Customized computing involves the specialization of hardware for a particular domain, and often includes a software component to fully leverage this specialization in hardware. In this section, we will lay the foundation for customized computing, enumerating the design trade-offs and defining vocabulary.

2.1 CUSTOMIZABLE SYSTEM-ON-CHIP DESIGN

In order to provide efficient support of customized computing, the general-purpose CMP (chip multiprocessor) widely used today needs to be replaced or transformed into a Customizable System-on-a-Chip (CSoC), also called customizable heterogeneous platform (CHP) in some other publications [39], which can be customized for a particular domain through the specialization of four major components on such a computing platform, including: (1) processor cores, (2) accelerators and co-processors, (3) on-chip memory components, and (4) the network-on-chip (NoC) that connects various components. We will explore each of these in detail individually, as well as in concert with the other CSoC components.

2.1.1 COMPUTE RESOURCES

Compute components like processor cores handle the actual processing demands of the CSoC. There are a wide array of design choices in the compute components of the CSoC. But when looking at customized compute units, there are three major factors to consider, all of which are largely independent of one another:

• Programmability

• Specialization

• Reconfigurability

Programmability

A fixed function compute unit can do one operation on incoming data, and nothing else. For example, a compute unit that is designed to perform an FFT operation on any incoming data is fixed function. This inflexibility limits how much a compute unit may be leveraged, but it streamlines the design of the unit such that it may be highly optimized for that particular task. The amount of bits used within the datapath of the unit and the types of mathematical operators included for example can be precisely tuned to the particular operation the compute unit will perform.

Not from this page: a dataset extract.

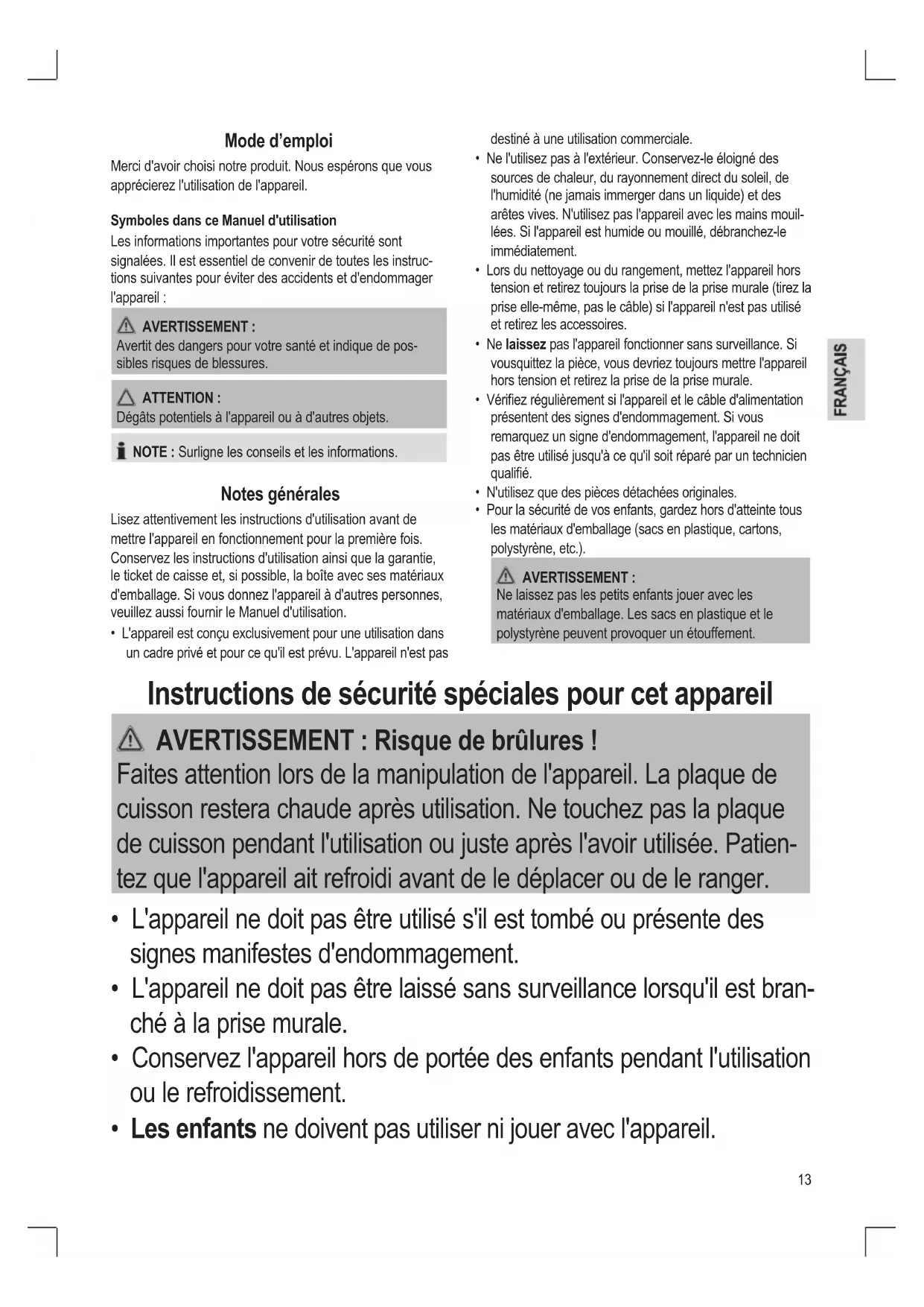 Faites attention lors de la manipulation de l'appareil. La plaque de cuisson restera chaude après utilisation. Ne touchez pas la plaque de cuisson pendant l'utilisation ou juste après l'avoir utilisée. Patien- tez que l'appareil ait refroidi avant de le déplacer ou de le ranger.

Contrasting this, a programmable compute unit executes sequences of instructions to define the tasks they are to perform. The instructions understood by the programmable compute unit constitute the instruction set architecture (ISA). The ISA is the interface for use of the programmable compute unit. Software that makes use of the programmable compute unit will consist of these instructions, and these instructions are typically chosen to maximize the expressive nature of the ISA to describe the nature of computation desired in the programmable unit. The hardware of the programmable unit will handle these instructions in a generally more flexible datapath than that of the fixed function compute unit. The fetching, decoding, and sequencing of instructions leads to performance and power overhead that is not required in a fixed function design. But the programmable compute unit is capable of executing different sequences of instructions to handle a wider array of functions than a fixed function pipeline.

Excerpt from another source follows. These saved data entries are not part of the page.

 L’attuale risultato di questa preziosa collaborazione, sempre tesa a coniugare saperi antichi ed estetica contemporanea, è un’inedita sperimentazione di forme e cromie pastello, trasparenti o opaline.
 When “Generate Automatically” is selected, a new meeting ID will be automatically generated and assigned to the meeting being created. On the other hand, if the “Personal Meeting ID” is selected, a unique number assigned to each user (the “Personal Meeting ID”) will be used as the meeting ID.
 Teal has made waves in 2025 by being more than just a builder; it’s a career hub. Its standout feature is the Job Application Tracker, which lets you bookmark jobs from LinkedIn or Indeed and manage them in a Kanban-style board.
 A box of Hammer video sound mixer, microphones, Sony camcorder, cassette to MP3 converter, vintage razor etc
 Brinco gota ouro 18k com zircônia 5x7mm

There exists a broad spectrum of design choices between these two alternatives. Programmable units may have a large number of instructions or a small number of instructions for example. A pure fixed function compute unit can be thought of as a programmable compute unit that only has a single implicit instruction (i.e., perform an FFT). The more instructions supported by the compute unit, the more compact the software needs to be to express desired functionality. The fewer instructions supported by the compute unit, the simpler the hardware required to implement these instructions and the more potential for an optimized and streamlined implementation. Thus the programmability of the compute unit refers to the degree to which it may be controlled via a sequence of instructions, from fixed function compute units that require no instructions at all to complex, expressive programmable designs with a large number of instructions.

Specialization

Customized computing targets a smaller set of applications and algorithms within a domain to improve performance and reduce power requirements. The degree to which components are customized to a particular domain is the specialization of those components. There are a large number of different specializations that a hardware designer may utilize, from the datapath width of the compute unit, to the number of type of functional units, to the amount of cache, and more.

This is distinct from a general purpose design, which attempts to cover all applications rather than providing a customized architecture for a particular domain. General purpose designs may use a set of benchmarks from a target performance suite, but the idea is not to optimize specifically for those benchmarks. Rather, that performance suite may simply be used to gauge performance.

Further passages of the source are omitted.